On my create account page, I have a question "how did you find us" and some radio button style options. (google, bing, friend, repeat visit). When the spammers submit their accounts, this question is always blank. I assume this is because the bots/spammers are accessing the create account function script directly.

Question - Is there a way to prevent someone from creating an account if they don't provide answer to this "referral" question?  This might give the spammers an error and send them on their way?

 

 

Share this post


Link to post
Share on other sites
7 hours ago, fiodh said:

Are the maybe using this process to test emails to use for spamming?

Someone posted a thread to an article about why this is increasing. I don't know if it was in this thread or not but the article basically said companies were paying spammers to test how to get into sites. I suspect that is the case. Honey Pot can stop all accounts, as it is written, because a spammer account is not any different than a regular account. It is possible to code it to detect certain words and stop them. I do that in my View Counter (unreleased version) and it stops 100% of them. But for now, cutting down the number of them is the best it can do.

3 hours ago, fiodh said:

Is there a way to prevent someone from creating an account if they don't provide answer to this "referral" question? 

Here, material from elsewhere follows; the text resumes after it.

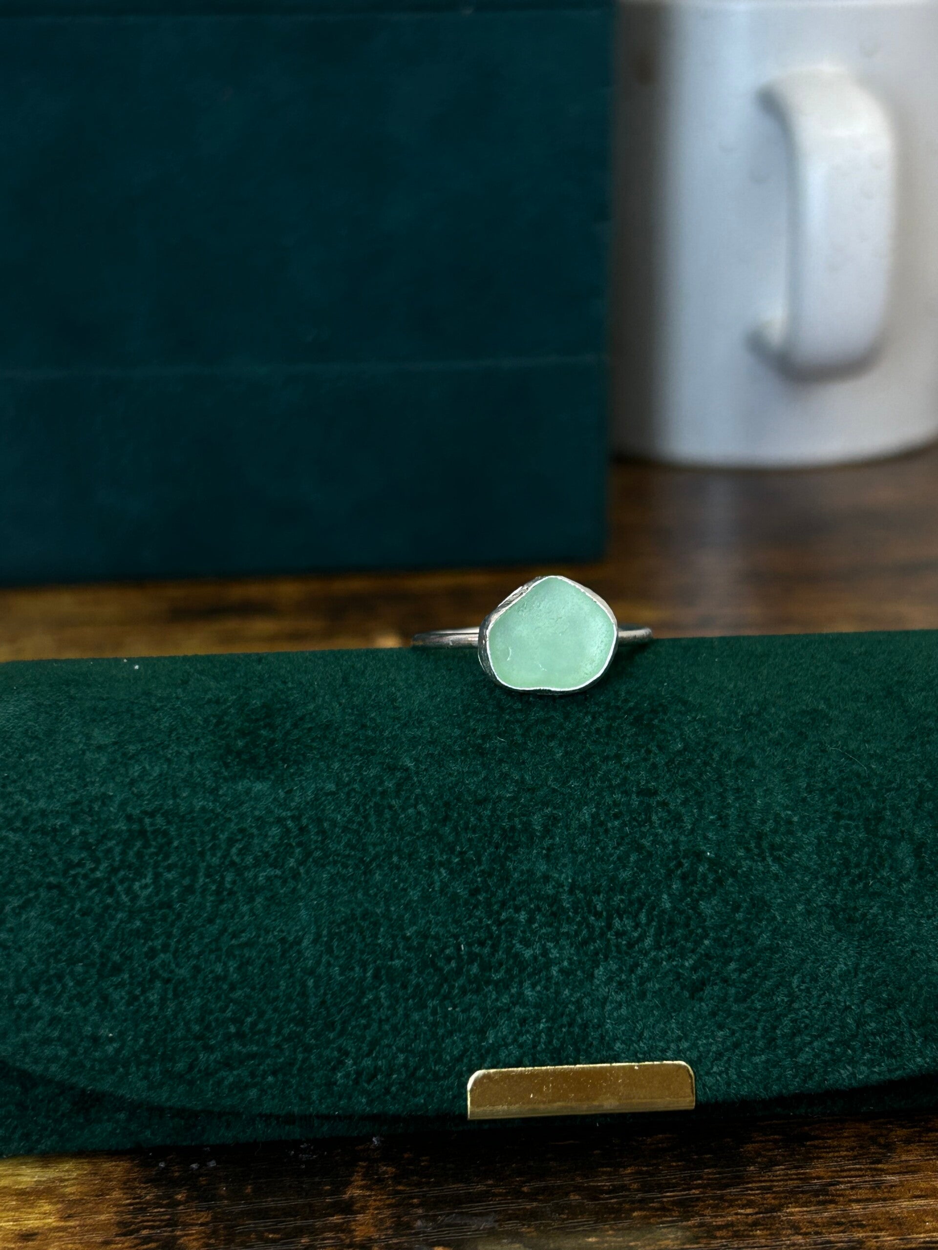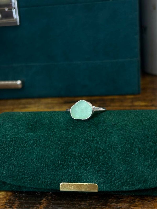 Handmade sterling silver ring made with a beautiful piece of green seaglass🌿✨

There should be a sitting that requires the referral. I think it is in admin->Configuration->Customer Details but some versions of How Did You Hear might have it elsewhere, like in a module.

Share this post


Link to post
Share on other sites

I am really getting pounded with these, even with the honey pot add on, I am now getting 8-10 accounts a day. Doesn't seem like much until you have spend a couple minutes every morning deleting these.

Share this post


Link to post
Share on other sites
1 hour ago, fiodh said:

I am really getting pounded with these, even with the honey pot add on

Options

Add google captcha to the form. It makes a big difference


 

Share this post


Link to post
Share on other sites
3 hours ago, fiodh said:

I am now getting 8-10 accounts a day

Are the IP's different for each of them? Do the IP's repeat from day to day? What are the settings for Honey Pot?

Share this post


Link to post
Share on other sites

Yes the IPs are different for most of them, I block them and and then more arrive!  I have been a bit lazy about religiously banning every IP,  after a while I just keep deleting and deleting...

Here's the settings:

Email Addresses Allowed
False

Email Addresses Show Message
True

URL's Allowed
False

URL Show Message
True

Create Account Check
True

Create Account Count
2

Create Account Period
480

Create Account Notify
True

Share this post


Link to post
Share on other sites

Hi Jack I just want to say I don't hold you responsible for these problems  - your add on contribution has really helped tremendously. Thanks for all your work.

Share this post


Link to post
Share on other sites

Would it not be a simple solution to rename create_account.php to something else?

I know, all the files that call create_account.php should be changed also.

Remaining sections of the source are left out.